### [Work item]
This calls for a word-for-word copy of all the data, with each picture removed.

▶

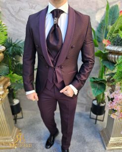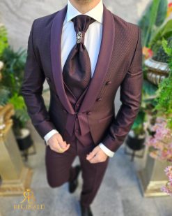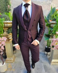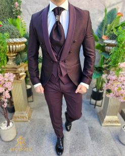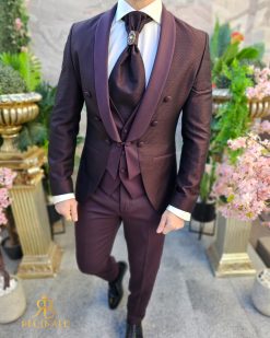 Costum grena NAS/MIRE, Sacou, Vesta, Pantalon, Cravata- C4554
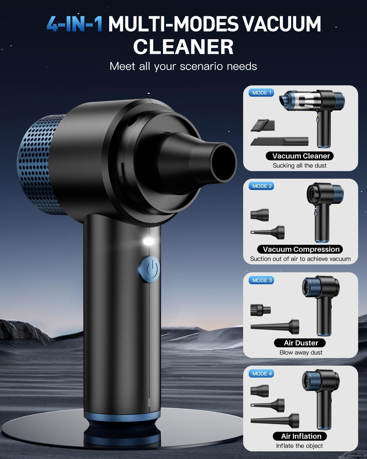 • 💠【4-IN-1 Car Vacuum Cleaner】Handheld Vacuum cleaner used with 7 accessories can be used to get 4 modes of suction, blowing, inflation and vacuum compression to meet your different use scenarios. Floor brush and nozzle brush can easily suck up all kinds of debris. Blowing nozzle can be used to blow away dust from keyboards and narrow crevices. Two sizes of universal nozzles can quickly inflate or expel air from objects such as swimming rings, mattresses, etc
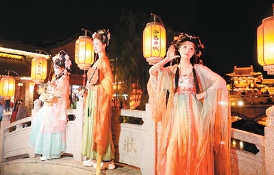 洛邑古城相關(guān)負(fù)責(zé)人介紹,景區(qū)致力于漢服文化的推廣與傳承,創(chuàng)意打造穿越新場(chǎng)景,豐富文旅新業(yè)態(tài)。景區(qū)有24個(gè)朝代的漢服形制、56個(gè)民族的服飾款式,游客可找到各自喜歡的款式,扮演喜愛(ài)的角色。燈獅畫(huà)橋、香羅幔天、文峰暮鼓等30余處場(chǎng)景,讓游客盡享“穿越自由”。洛邑古城還策劃了一系列創(chuàng)新主題活動(dòng),讓身著漢服的游客與“李白”“武則天”談古論今,與“嫦娥”“牡丹花神”近距離互動(dòng)。
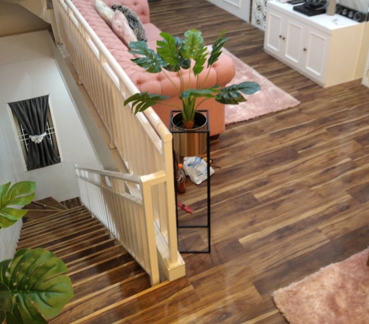 Lantai spc tebal 6 mm berbahan semi carbon bermotif serat kayu apabila di instal dapat menimbulkan atmosfir kenyamanan pada ruangan dan elegan (tahan air dan rayap)
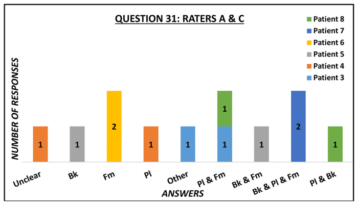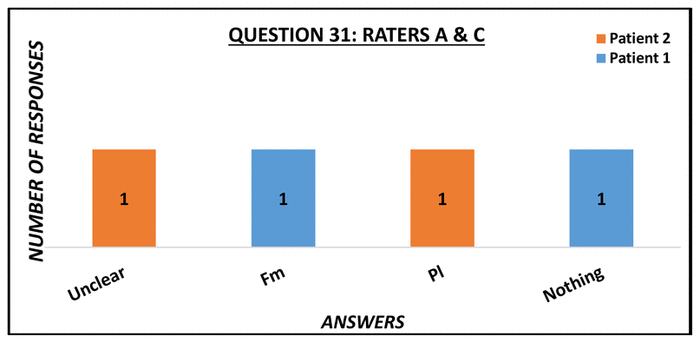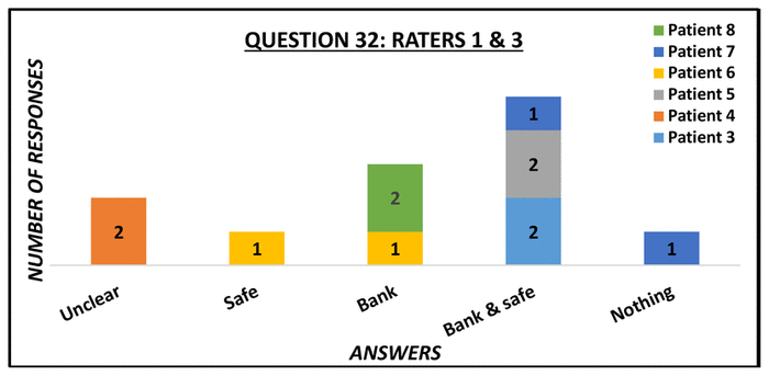 Figure 61 Participant answers to question 31 between raters A & CThe stacked bar chart shows each participant response to question 31, obtained during the decision-making capacity assessments done with the communication aid by raters A and C. Abbreviations: Fm – family; Pl – police; Bk – bank. | ||

◀

### [Result of this exercise]
 Costum grena NAS/MIRE, Sacou, Vesta, Pantalon, Cravata- C4554
 • 💠【4-IN-1 Car Vacuum Cleaner】Handheld Vacuum cleaner used with 7 accessories can be used to get 4 modes of suction, blowing, inflation and vacuum compression to meet your different use scenarios. Floor brush and nozzle brush can easily suck up all kinds of debris. Blowing nozzle can be used to blow away dust from keyboards and narrow crevices. Two sizes of universal nozzles can quickly inflate or expel air from objects such as swimming rings, mattresses, etc
 洛邑古城相關(guān)負(fù)責(zé)人介紹,景區(qū)致力于漢服文化的推廣與傳承,創(chuàng)意打造穿越新場(chǎng)景,豐富文旅新業(yè)態(tài)。景區(qū)有24個(gè)朝代的漢服形制、56個(gè)民族的服飾款式,游客可找到各自喜歡的款式,扮演喜愛(ài)的角色。燈獅畫(huà)橋、香羅幔天、文峰暮鼓等30余處場(chǎng)景,讓游客盡享“穿越自由”。洛邑古城還策劃了一系列創(chuàng)新主題活動(dòng),讓身著漢服的游客與“李白”“武則天”談古論今,與“嫦娥”“牡丹花神”近距離互動(dòng)。
 Lantai spc tebal 6 mm berbahan semi carbon bermotif serat kayu apabila di instal dapat menimbulkan atmosfir kenyamanan pada ruangan dan elegan (tahan air dan rayap)
 Figure 61 Participant answers to question 31 between raters A & CThe stacked bar chart shows each participant response to question 31, obtained during the decision-making capacity assessments done with the communication aid by raters A and C. Abbreviations: Fm – family; Pl – police; Bk – bank. | ||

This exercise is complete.